◆ **Exercise brief**
Exclude the pictures and reproduce the remaining data exactly as written.
Data block START
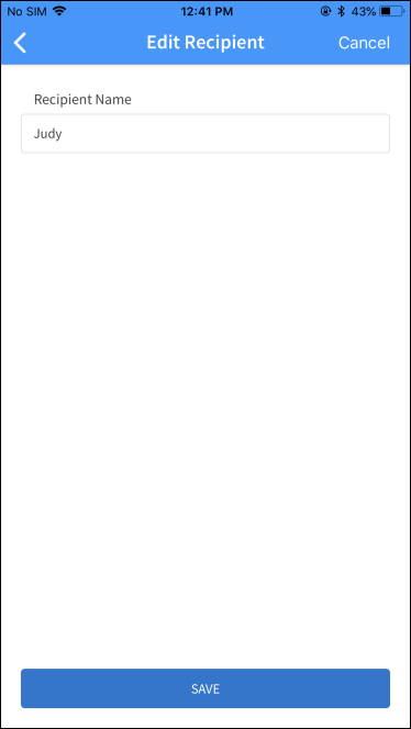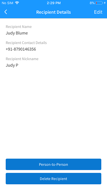 Make the necessary changes in the Edit Recipient Details screen and save the details. The app updates the details of the recipient.
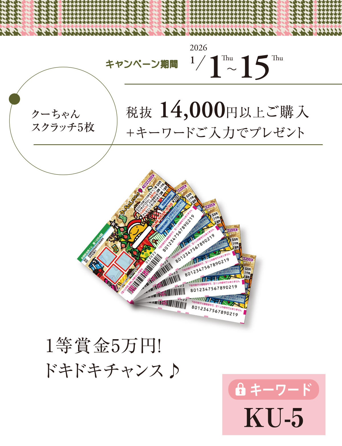 • 特典内容:クーちゃんスクラッチ5枚 1等賞金5万円!ドキドキチャンス♪
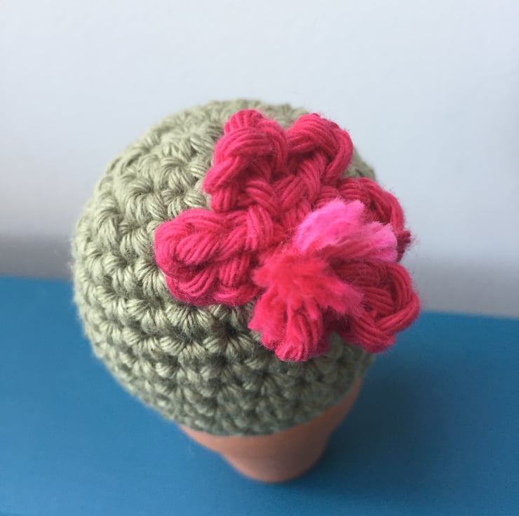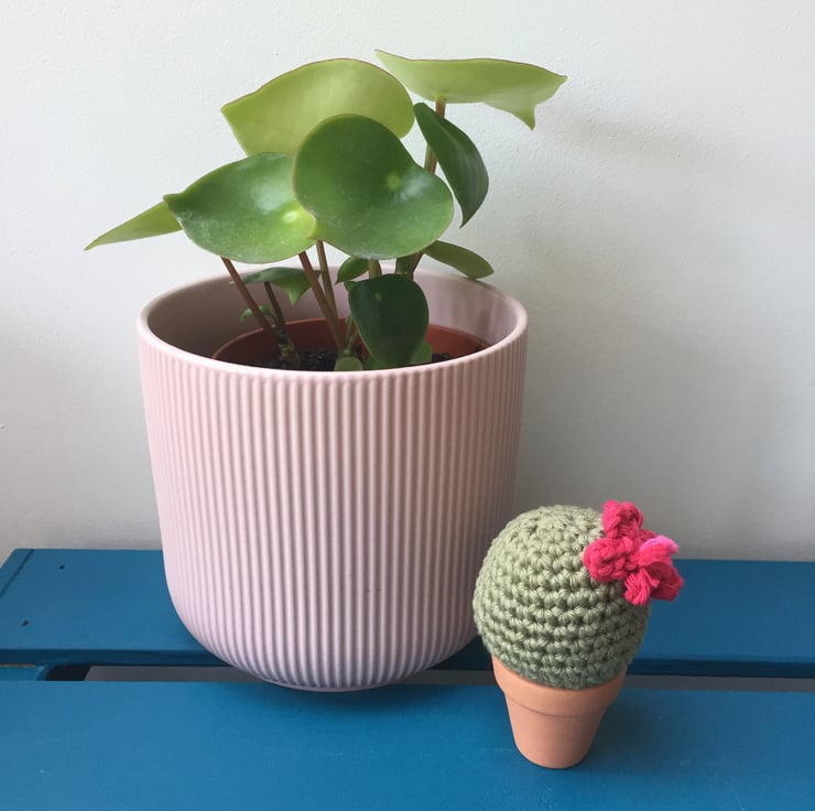 This cute mini cactus, in bloom with a hot pink flower, is crocheted in khaki green cotton yarn and glued into place in its own mini terracotta pot. It will brighten up any windowsill, office desk or bedside table! It could also be used as a cute pincushion for those with crafty fingers. It is perfect as an end of term gift for a special teacher.
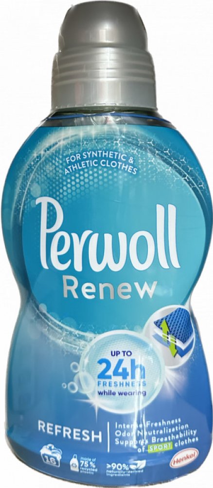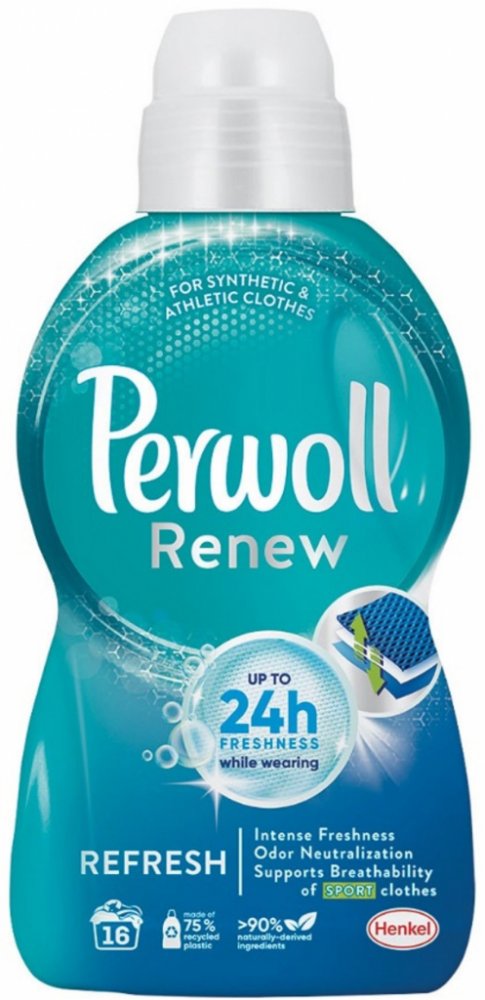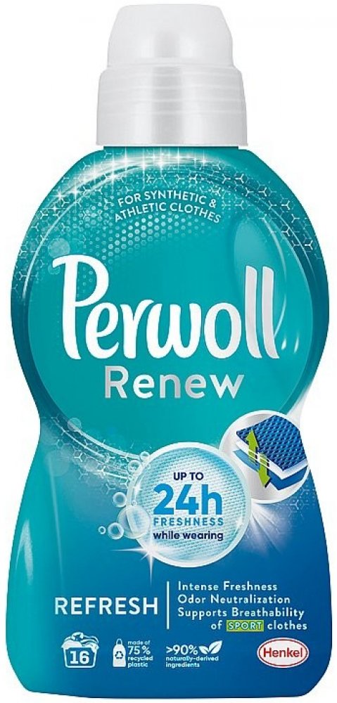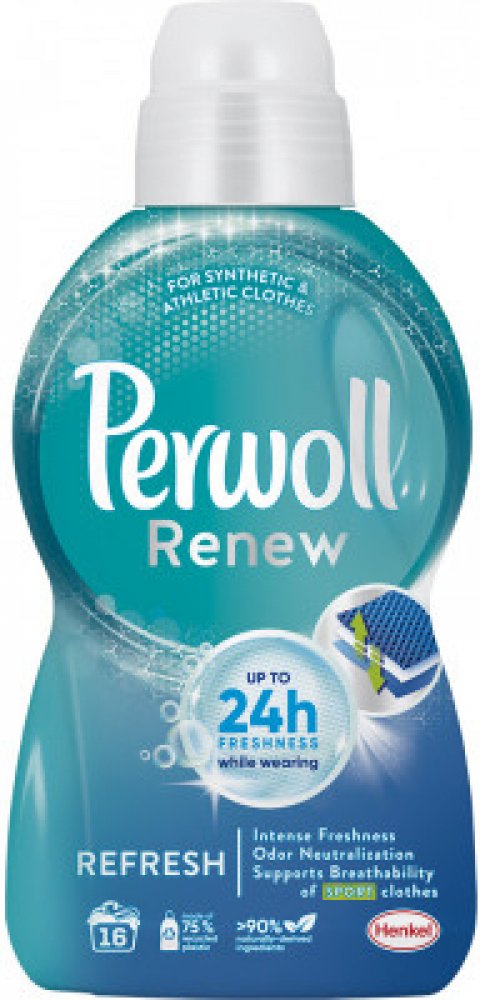Speciální prací gel Perwoll Renew Refresh Sport pro neutralizaci zápachu a intenzivní svěžest. Prací prostředek Perwoll Renew nabízí intenzivní svěžest a je speciálně vyvinut pro uchování tvaru oblečení ze syntetických vláken. Obsahuje složku Deo-tech, která neutralizuje zápach a zaručuje až 24hodinovou svěžest.
Data block END
◆ **Task solution**
 Make the necessary changes in the Edit Recipient Details screen and save the details. The app updates the details of the recipient.
 • 特典内容:クーちゃんスクラッチ5枚 1等賞金5万円!ドキドキチャンス♪
 This cute mini cactus, in bloom with a hot pink flower, is crocheted in khaki green cotton yarn and glued into place in its own mini terracotta pot. It will brighten up any windowsill, office desk or bedside table! It could also be used as a cute pincushion for those with crafty fingers. It is perfect as an end of term gift for a special teacher.
Speciální prací gel Perwoll Renew Refresh Sport pro neutralizaci zápachu a intenzivní svěžest. Prací prostředek Perwoll Renew nabízí intenzivní svěžest a je speciálně vyvinut pro uchování tvaru oblečení ze syntetických vláken. Obsahuje složku Deo-tech, která neutralizuje zápach a zaručuje až 24hodinovou svěžest.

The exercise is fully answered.